• EXERCISE BRIEF
Only the pictures are to be left out; the listing itself is repeated exactly.

___ DATA BLOCK

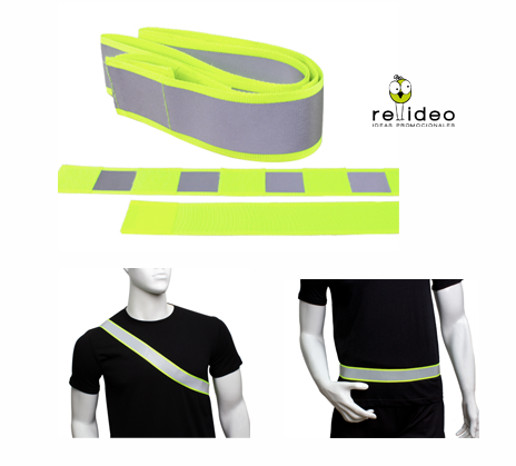 Banda (cinta) elástica reflectante para hombro y cintura, con 5 ajustes de velcro. Se puede usar como banda presidencial o como cinturón. Viene en práctica bolsa de polipropileno con orificio para colgar en ganchera.
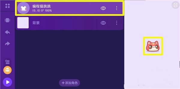 2、点击右侧舞台上的“编程猫跳跳”,或者点击左侧角色列表里的“编程猫跳跳”选项,就能看到角色周围出现一个方框。
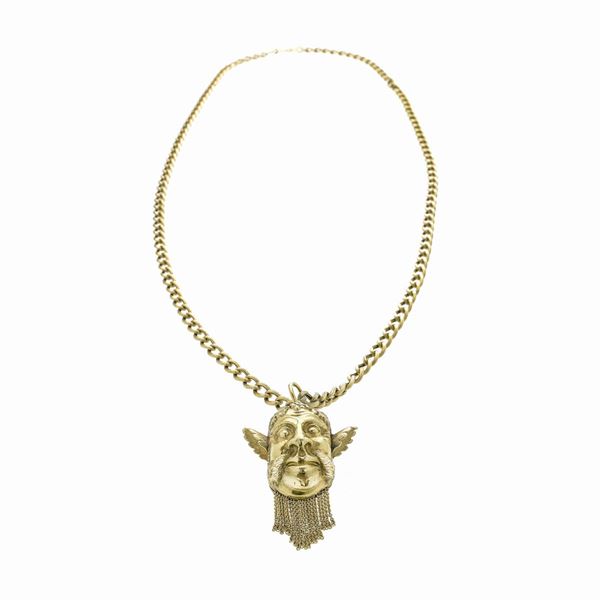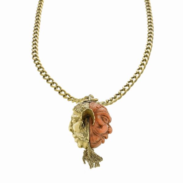 MATERIALE: oro giallo e corallo rosso DESCRIZIONE: lunga collana realizzata con maglie incise e intrecciate tra loro con un pendente modellato come una testa di Bacco, bifronte, con una parte in corallo inciso ed un'altra in oro, frange pendenti, reca il marchio 750 MISURE: collana aperta cm 75.5, pendente cm 4.0x 6.0 PESO: gr 52.2

______

• OUTPUT BELOW
 Banda (cinta) elástica reflectante para hombro y cintura, con 5 ajustes de velcro. Se puede usar como banda presidencial o como cinturón. Viene en práctica bolsa de polipropileno con orificio para colgar en ganchera.
 2、点击右侧舞台上的“编程猫跳跳”,或者点击左侧角色列表里的“编程猫跳跳”选项,就能看到角色周围出现一个方框。
 MATERIALE: oro giallo e corallo rosso DESCRIZIONE: lunga collana realizzata con maglie incise e intrecciate tra loro con un pendente modellato come una testa di Bacco, bifronte, con una parte in corallo inciso ed un'altra in oro, frange pendenti, reca il marchio 750 MISURE: collana aperta cm 75.5, pendente cm 4.0x 6.0 PESO: gr 52.2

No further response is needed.